Vanwege het uitblijven van positieve resultaten bij de afwikkeling van het belang in Bovemij (het enige betekenisvolle actief van PB Holding) en het verder uit de hand lopen van de beheerskosten in 2023, polst Recalcico Beheer BV momenteel het animo van aandeelhouders om te komen tot een beleidswijziging bij deze vennootschap. Kernpunt daarbij is het versneld beëindiging van de kostbare beursnotering (al dan niet na het verkopen van het lege vehikel) en het desgewenst aanhouden van het Bovemij-belang in een niet-genoteerde entiteit. Volgens Recalcico is op die wijze een kostenbesparing van meer dan 60% eenvoudig haalbaar, hetgeen in ieder geval een halt toeroept aan de stelselmatige waardevernietiging. Nadelige gevolgen voor de gewenste verkoop van het belang in Bovemij heeft deze structuurwijziging niet.
Na een teleurstellende overname door Hedin van de activa van PB Holding in 2022 tegen een prijs die significant lager lag dan de economische waarde, is het beursvehikel (inmiddels omgedoopt tot PB Holding) in stand gehouden onder de belofte dat het enig overgebleven actief, een belang van rum 5% in aandelen van de verzekeraar Bovemij, zonder korting op de economische waarde, te gelde gemaakt zou gaan worden.

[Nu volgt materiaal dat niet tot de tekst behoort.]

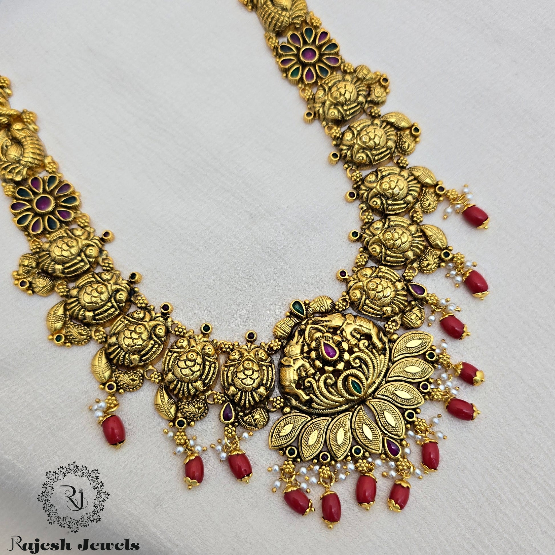 92.5 Pure Silver 22K Gold Plated Necklace Studded With Semi Precious Stone

Nu, twee jaar later, moet geconcludeerd worden dat van enige progressie op dit punt geen sprake is. Sterker nog, volgens het laatst bekende rapport is de economische waarde van de aandelen Bovemij (na aftrek van een discount vanwege illiquiditeit) zelfs fors gedaald van € 37,60 naar € 32,27 en het vervreemden van het aandelenpakket, tegen welke prijs dan ook, wordt vanwege allerlei beperkende voorwaarden, steeds moeilijker.
Recalcico is van mening dat het niet halen van de gecommuniceerde doelstelling(en) op zich niet kwalificeert als wanbeleid, maar betwijfelt of het in stand houden van (de beursnotering van) het vehikel, nog in het belang van de aandeelhouders is. Nu een significant deel van de (stijgende) kosten (in)direct ten goede komt aan de CEO, of aan hem gelieerde partijen, en de Raad van Commissarissen, neemt Recalcico aan dat zij bij de beslissing om op de ingeslagen weg voort te gaan, hun eigenbelang ten onrechte hebben laten prevaleren.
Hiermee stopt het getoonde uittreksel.